An algorithm customization is the key to not let Netflix go to their subscribers.The programming language video service is based on hundreds of ” signals ” or user behavior. There are three particularly important, said Carlos Gomez, vice president of Product Innovation: Personalization algorithms.
The first determines each row or category page recommendations personal access of each user, which defines the order in which these videos are presented, and the search, all personalized for each user.
Then measurable data such as the time a person put pause a movie, if it came to it through a search and take into account if he returns to finish or leave altogether, among many others, in order to determine a way to get more subscribers use the service.
“When we showed best recommendations, users spend more time watching (movies or programs.) The people who do that is more value in the subscription and tends to cancel less,” said vice president of innovation.

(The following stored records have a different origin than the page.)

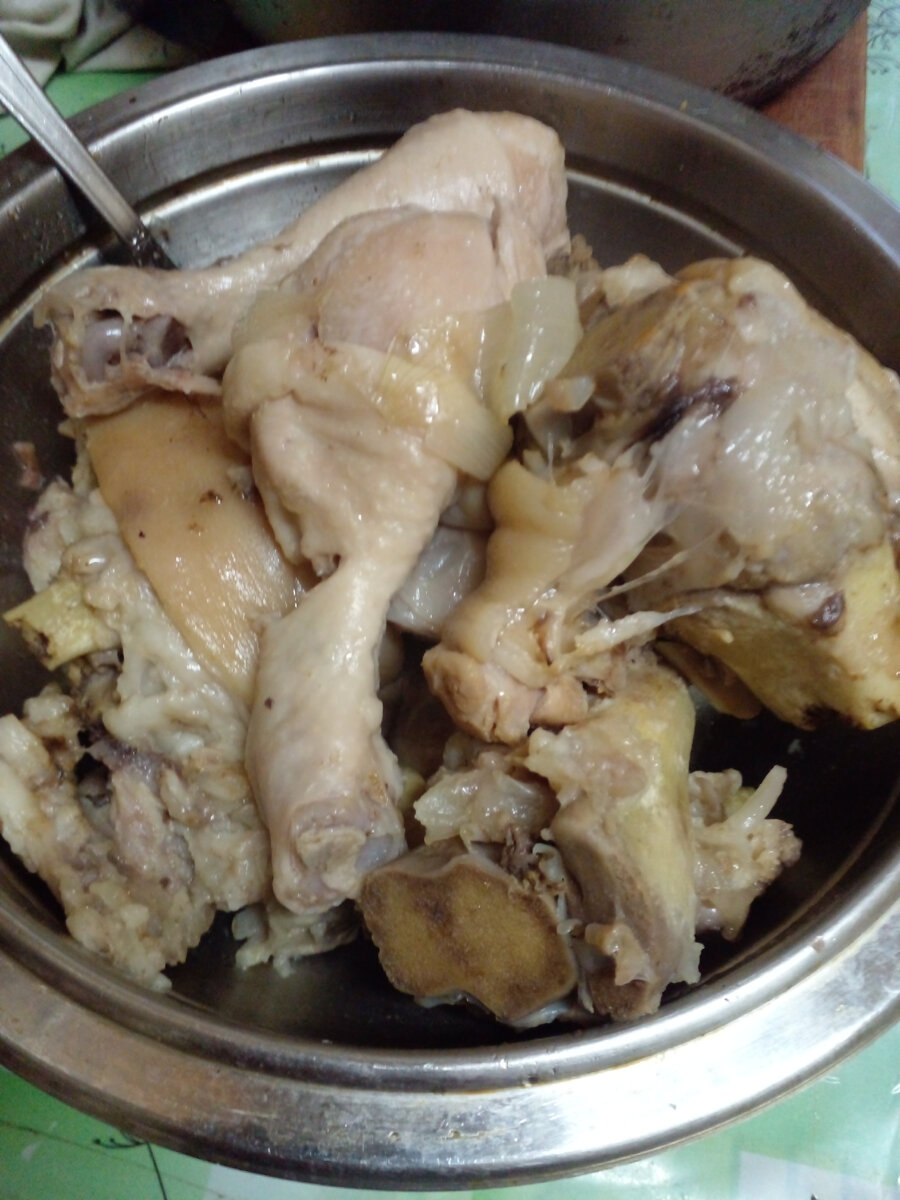Таким стал холодным. Сергей сказал, что похож на тортик. Из мяса только курица. Ножки свиные были очень замечательные и съедены за два дня.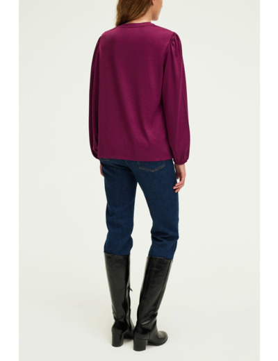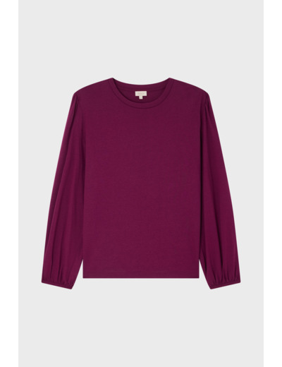 Forme droite, tissu uni, longueur standard, col rond, manches longues avec poignets élastiqués, épaules et bas de manches légèrement froncés. La mannequin mesure 174 cm et porte une taille 2.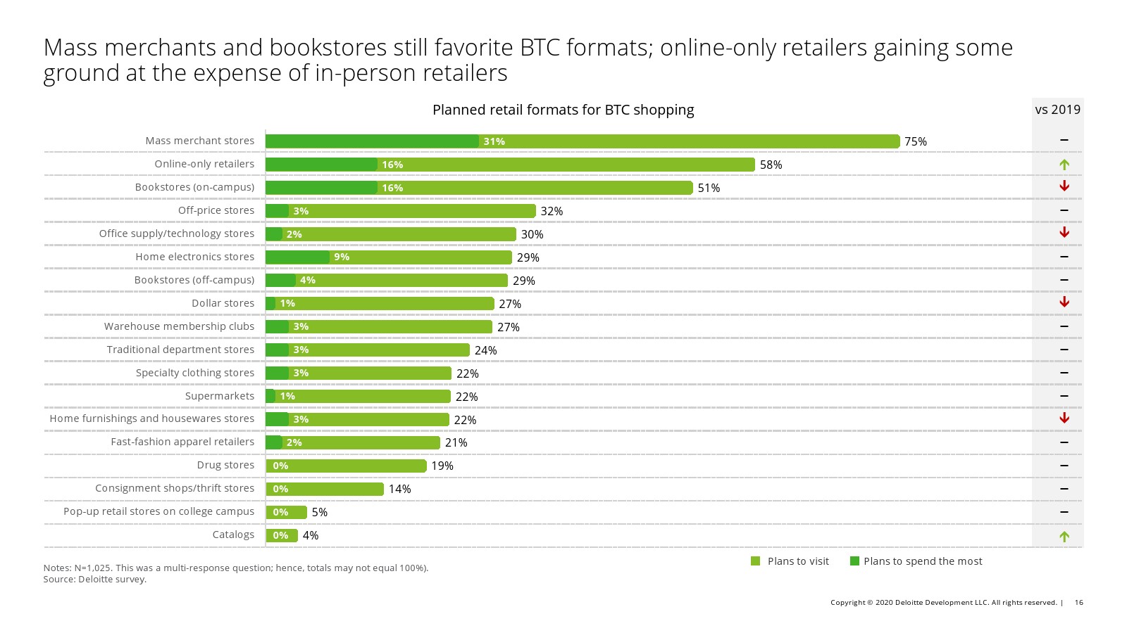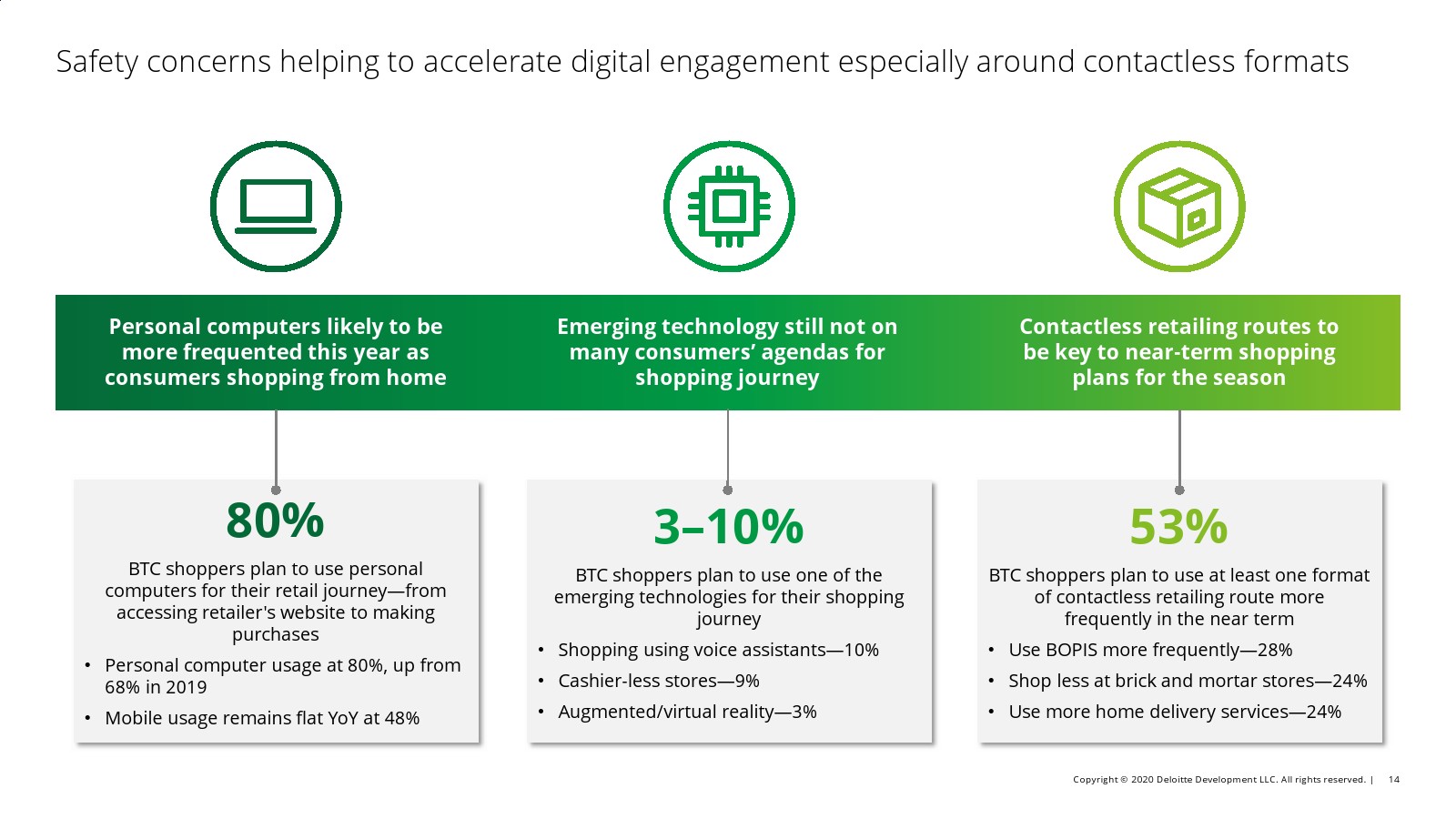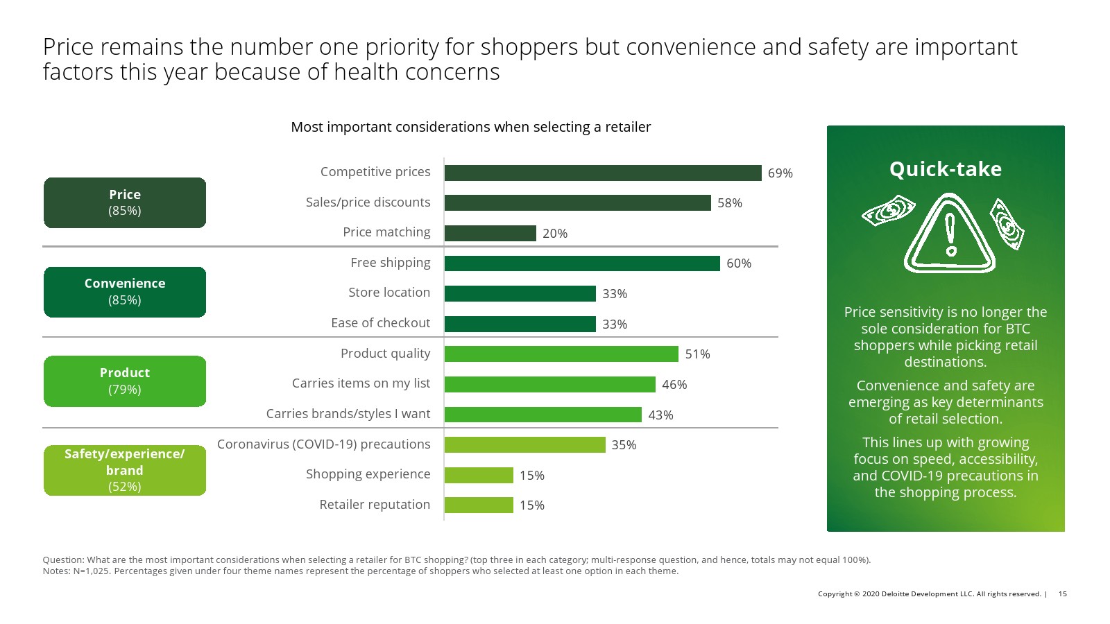 - 75%的购物者计划今年在大众商店购物;价格仍然是购物地点的驱动因素,但方便和安全变得更加优先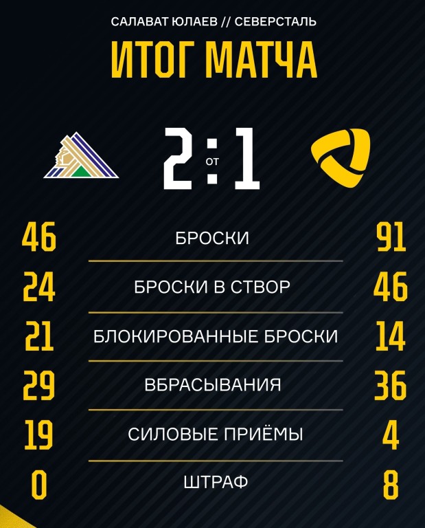 Второй в сезоне матч «Салават Юлаев» - «Северсталь» завершился, как и первый, со счетом – 2:1 (0:0, 0:0, 1:1, 0:0, 1:0).

The algorithms that yield information about the tastes of the audience Netflix also serves to define the creation of original content, as the hit series House of Cards , starring Kevin Spacey, or the revival of the comedy series Arrested Developement .
Carlos Gomez, who by personal initiative proposed an algorithm to analyze the 100 films that are more similar to one in particular, ensures that Netflix does not use private data or descriptive information of users. What it does is analyze their behavior and how it helps generate recommendations for people with similar interests.
Once customers arrive at the platform, Gomez’s work is to make them stay.